Suppose that the gas-phase reactions A→B and B→A are both elementary processes with rate constants of 4.7*10-3s-1 and 5.8*10-1s-1, respectively.

What is the value of the equilibrium constant for the equilibrium A (g) ⇌B (g) ?

K = 8.1 x 10⁻³

Explanation:

We are told here that these gas phase reactions are both elementary processes, thus the reactions forward and reverse are both first order:

A→B Rate (forward) = k (forward) x [A]

and for

B→A Rate (reverse) = k (reverse) x [B]

At equilibrium we know the rates of the forward and reverse reaction are equal, so

k (forward) x [A] = k (reverse) x [B] for A (g) ⇌B (g)
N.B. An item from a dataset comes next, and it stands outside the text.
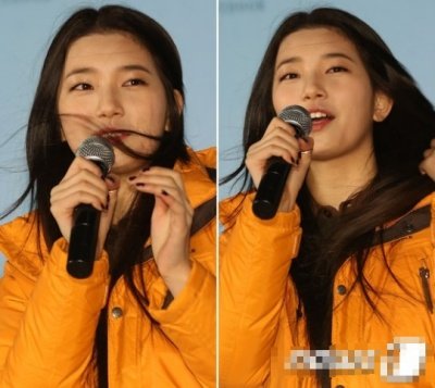 바람 때문에 힘들어 보이는 아이돌

⇒ k (forward) / k (reverse) = [B] / [A] = K

4.7 x 10⁻³ s⁻1 / 5.8 x 10⁻¹ s⁻¹ = 8.1 x 10⁻³ = K

Notice how this answer is logical : the rate of the reverse reaction is greater than the forward reaction (a factor of approximately 120 times), and will be expecting a number for the equilibrium constant, K, smaller than one where the reactant concentration, [A], will prevail.

It is worth to mention that this is only valid for reactions which are single, elementary processes and not true for other equilibria.